* RECORDS PROVIDED:
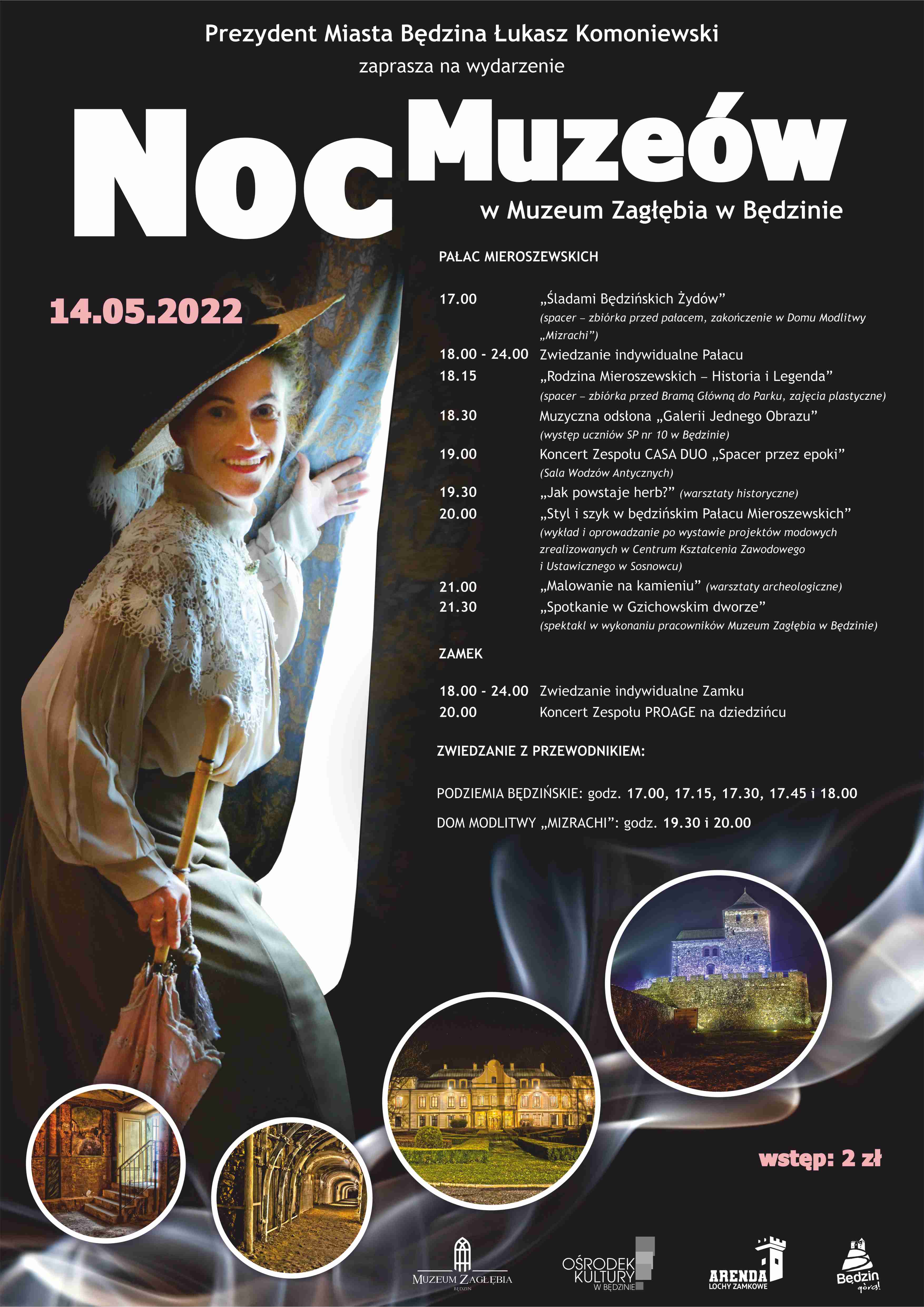Wszystkich, którzy chociaż na chwilę chcą przenieść się w czasie zapraszamy do udziału w tegorocznej edycji Nocy Muzeów. Zwiedzającym udostępniamy Pałac Mieroszewskich, Zamek, Podziemia będzińskie oraz Dom Modlitwy Mizrachi. Na tę jedyną, szczególną noc w roku przygotowaliśmy dla Państwa wiele atrakcji – między innymi spacery historyczne, spektakl teatralny w wykonaniu pracowników Muzeum Zagłębia, koncerty, wykład poświęcony modzie oraz warsztaty plastyczne.
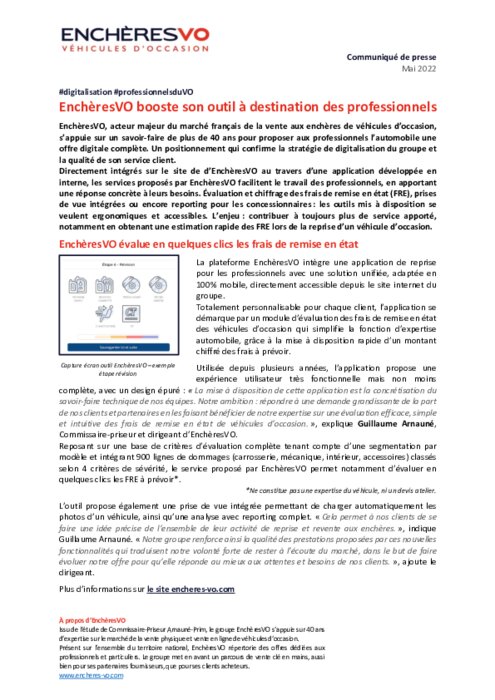 EnchèresVO booste son outil à destination des professionnels. Directement intégrés sur le site de d'EnchèresVO au travers d'une application, les services proposés facilitent le travail des professionnels en apportant une réponse concrète à leurs besoins. Évaluation et chiffrage des frais de remise en état (FRE), prises de vue intégrées ou encore reporting pour les concessionnaires : les outils mis à disposition se veulent ergonomiques et accessibles.
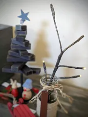 100均で見つけたブランチツリーもどき?可愛かったので買ってきました。本体を少しアンティークゴールドでおめかしして土台にする瓶には麻ひも巻いてタグをぶら下げてみましたよ。夜間点灯するとこんな感じです。
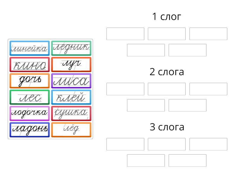 1 слог: , , , , , 2 слога: , , , , , 3 слога: , ,
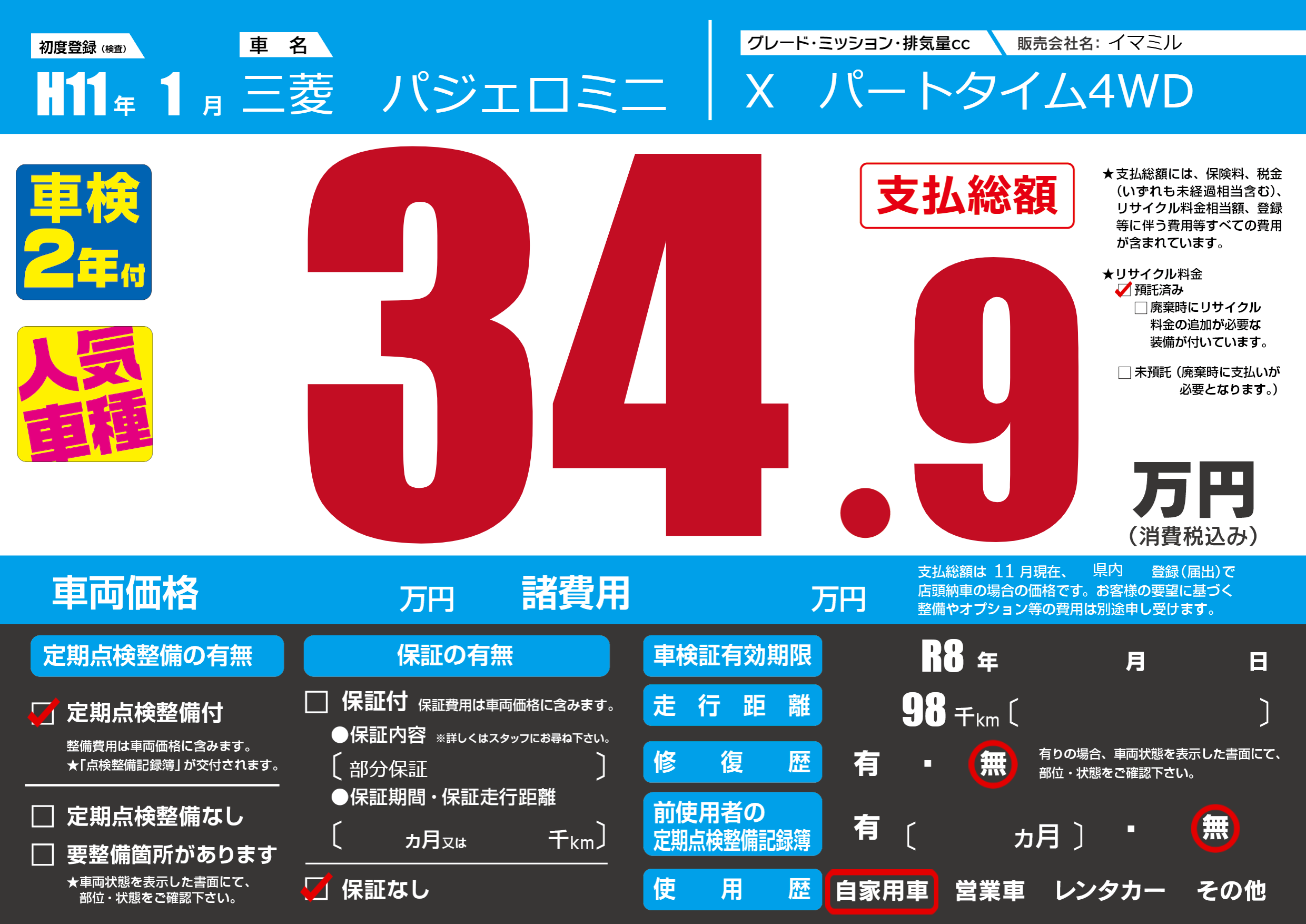 | 車名 | 三菱 パジェロミニ | グレード ミッション 排気量 |

* TASK DIRECTIONS:
Only the lines from the one containing "100均で見つけたブランチツ" through the last line of the entries above, both included, belong in the answer, written out exactly; pictures do not.

* OUTPUT:
 100均で見つけたブランチツリーもどき?可愛かったので買ってきました。本体を少しアンティークゴールドでおめかしして土台にする瓶には麻ひも巻いてタグをぶら下げてみましたよ。夜間点灯するとこんな感じです。
 1 слог: , , , , , 2 слога: , , , , , 3 слога: , ,
 | 車名 | 三菱 パジェロミニ | グレード ミッション 排気量 |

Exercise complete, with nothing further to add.